Je pense que le plus important pour moi, c’est l’engagement pour mon pays. Ma petite pierre à l’édification de ma patrie, c’est cela peut-être qui justifie ma présence jusque-là.

En 2015, le président totalisera 28 ans au pouvoir, est-ce que ce n’est pas suffisant ?

Je pense que c’est mieux de lui poser la question.

Mais partout dans les pays voisins, au Niger, en Côte d’Ivoire, au Ghana, on voit qu’il y a alternance, pourquoi pas au Burkina Faso ?

Oui, mais est-ce que vous avez déjà entendu les Burkinabè qui se plaignent parce que Blaise Compaoré est président depuis plus de 20 ans ? Bon, suivez un peu ce qui se passe dans les pays voisins. On a pris beaucoup d’exemples de pays où il y a eu l’alternance et on a dit que ce sont des modèles de démocratie. Malheureusement, je suis au regret de vous montrer des exemples, que ce soit au Mali, au Niger ou dans d’autres pays, nous voyons que les concepts par lesquels vous jugez l’Afrique ne sont malheureusement pas souvent les meilleurs modèles et nous, nous estimons, c’est vrai que l’alternance fait partie des principes de la démocratie qu’elle ne se décrète pas. Si vous avez une opposition qui ne se bat pas, si vous avez une opposition qui estime que ceux qui sont au pouvoir doivent se retirer pour leur donner la place, je pense que la discussion sur l’alternance va mettre du temps. Que ceux donc qui réclament tant l’alternance se batte pour que le peuple leur fasse confiance.
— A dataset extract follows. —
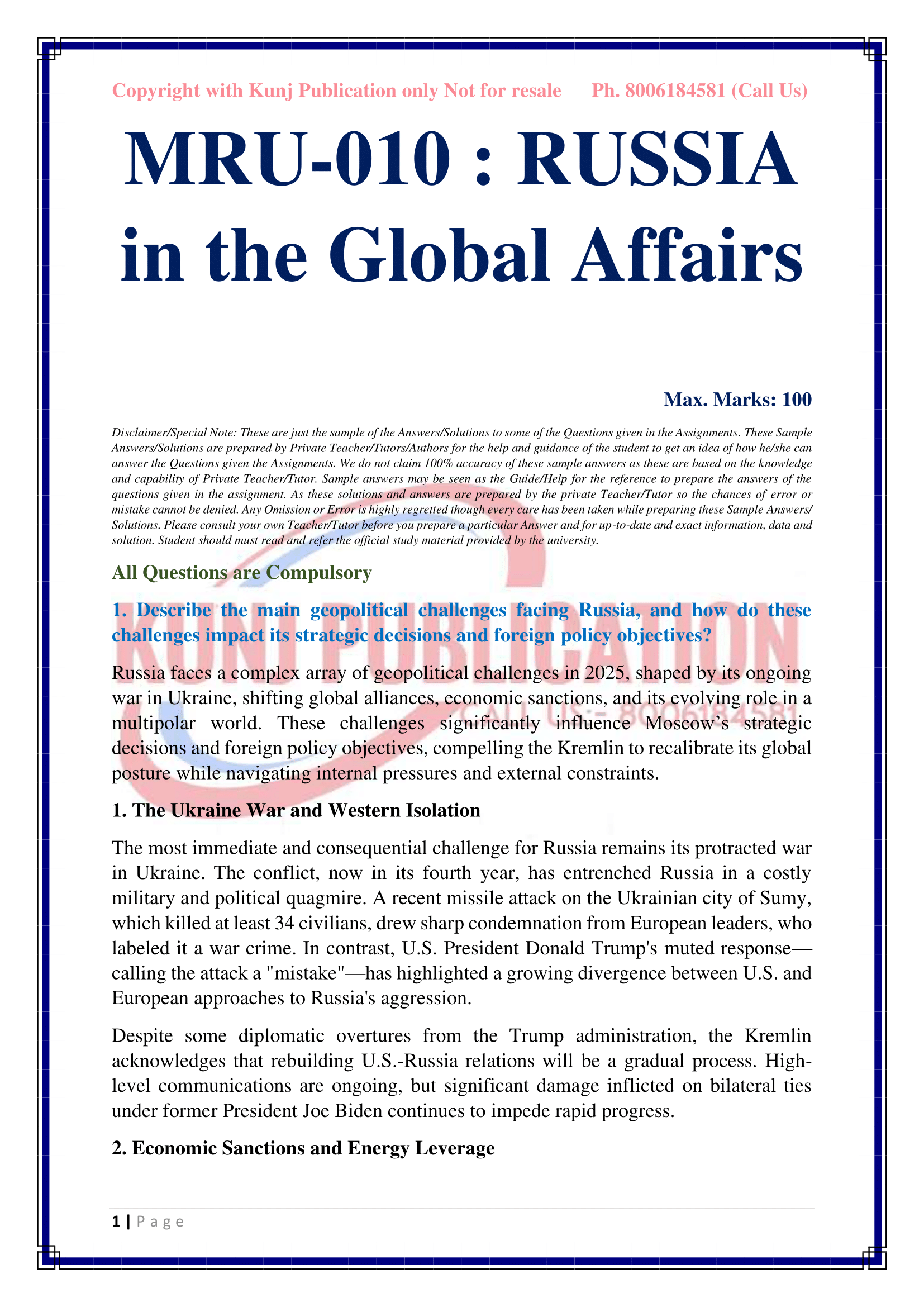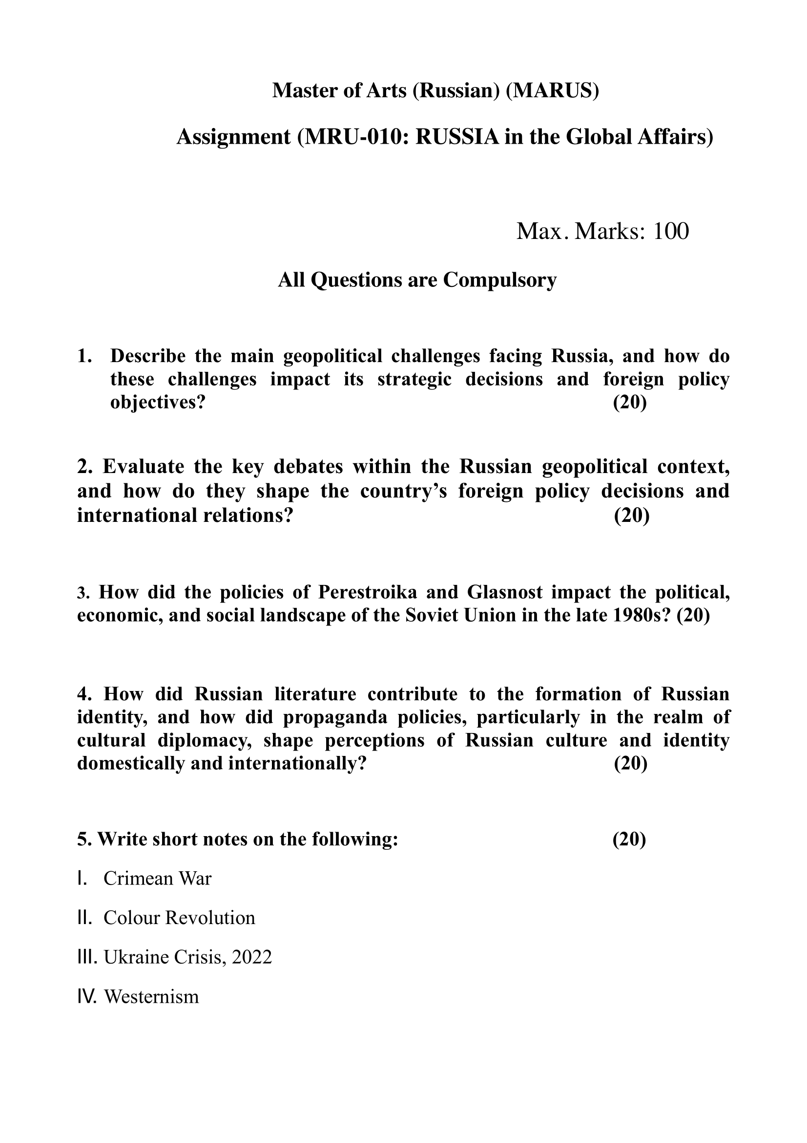 IGNOU MRU-010 SOLVED ASSIGNMENT 2025-27 RUSSIAN MEDIUM

Si le président Compaoré ne se représente pas en 2015, est-ce que le parti au pouvoir, le CDP présentera un autre candidat ?

Là c’est du charlatanisme. Vous me demandez d’être charlatan alors que je ne le suis pas. Je ne peux pas prévoir cela.

Au sein du CDP, il y a un homme qui monte, c’est l’actuel n° 7 du parti, François Compaoré, le frère du chef de l’Etat, est-ce qu’il pourrait être candidat ?

Oui, dans la mesure où il est citoyen du Burkina comme tout le monde, pourquoi pas ?

Donc c’est peut-être le candidat le plus probable si jamais Blaise Compaoré ne se présente pas ?

Vous savez, le charlatanisme, c’est vrai qu’en Afrique, il y a beaucoup de magiciens et de devins mais moi je ne fais pas partie de cette catégorie de personnes et il serait peut-être plus indiqué de vous adresser aux personnes indiquées.